Quinnipiac among many topics at mayoral debates

The two democratic mayoral debates on  Wednesday Sept. 4  and  Friday Sept. 6,  had many different topics of discussion ranging from town budgets to taxes, but a major concern with both candidates had to do with Quinnipiac students living in residential neighborhoods around Hamden.

The two democratic mayoral debates on Wednesday Sept. 4 and Friday Sept. 6, had many different topics of discussion ranging from town budgets to taxes, but a major concern with both candidates had to do with Quinnipiac students living in residential neighborhoods around Hamden.

By Kim Kerremans

During the debate Friday morning Mayor Curt B. Leng and challenger Councilwoman Lauren Garrett discussed Quinnipiac students living throughout Hamden. Leng stated that the police had to hand out a number of citations to Quinnipiac students the first weekend back to school, for being disruptive to their neighbors.

 

Leng said, “we have a problem in the neighborhoods where bad behavior is occurring in certain student housing locations and it’s a real issue for neighbors because if you buy a house and expect to enjoy a quiet neighborhood.”

 

This is not the case for all students, the majority of student housing is not a problem for the neighbors. Leng said, “I’m really thrilled that the Quinnipiac University’s new leadership, President Judy Olian, her staff and their security forces have really been working hand in hand with is and the police department engaging finally their student life into the mix.”

 

Garret joined the discussion with, “Our police officers need to make sure that they are keeping an eye on underaged drinking. I’m not hearing about any complaints on the underaged drinking.”

 

Leng responded, “I agree with the underaged drinking aspect, that’s a real concern.
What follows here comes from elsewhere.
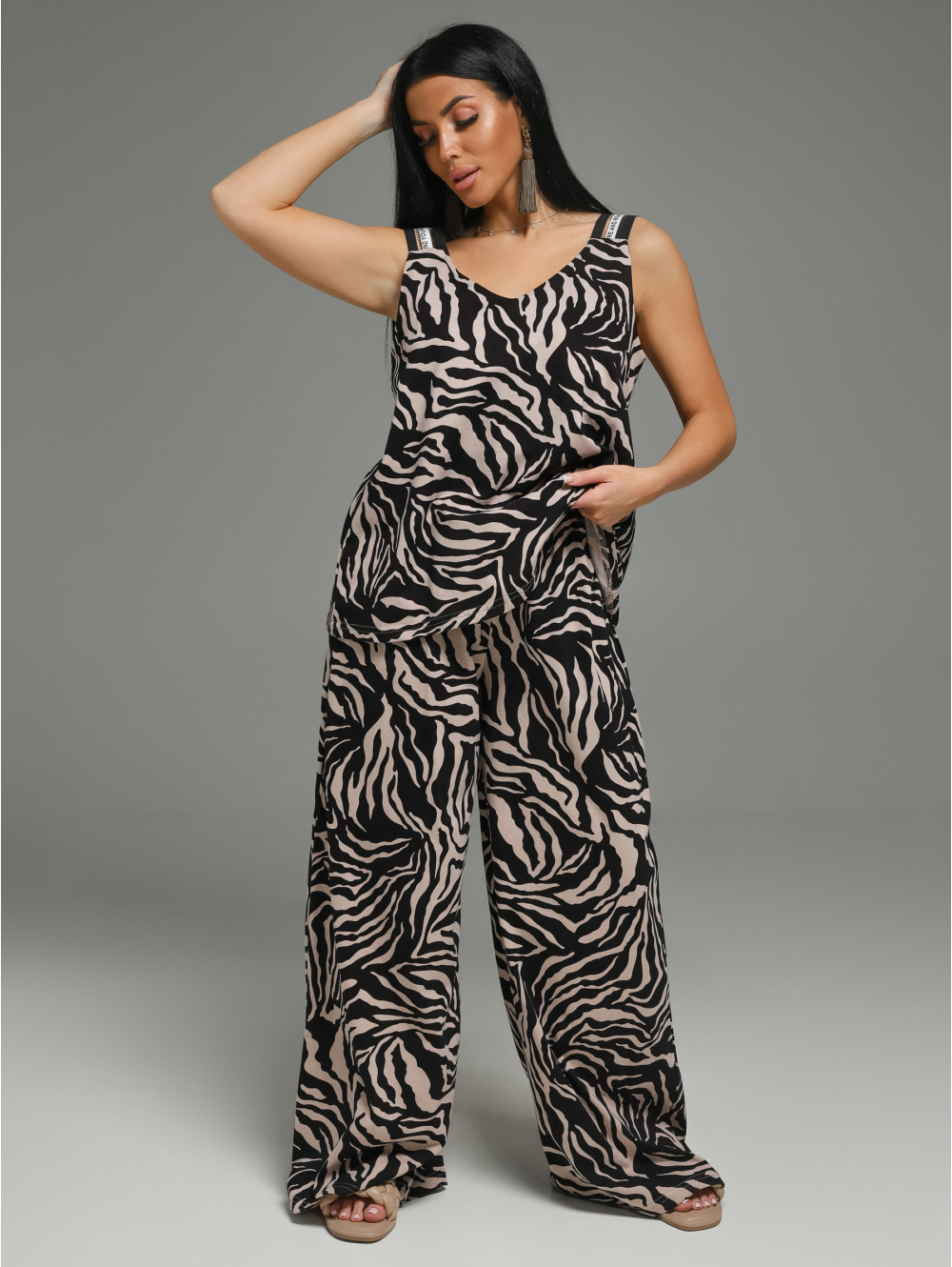 Костюм Аманда состоит из топа и брюк. Вырез горловины топа на полочке и спинке V-образный. Лямки топа выполнены из декоративной резинки. Брюки прямые от бедра с отрезным поясом.

One of the things that’s happening on a positive end with that is when you get an officer that gets to a large party and breaks it up, the town and the university have a much better line of communication to now send buses when appropriate, to ensure that people are drinking aren’t getting into cars.” 

 

The primary election is Tuesday, Sept. 10, the winner of the primary will be pinned up against Republican nominee Jay Kaye on Nov. 5.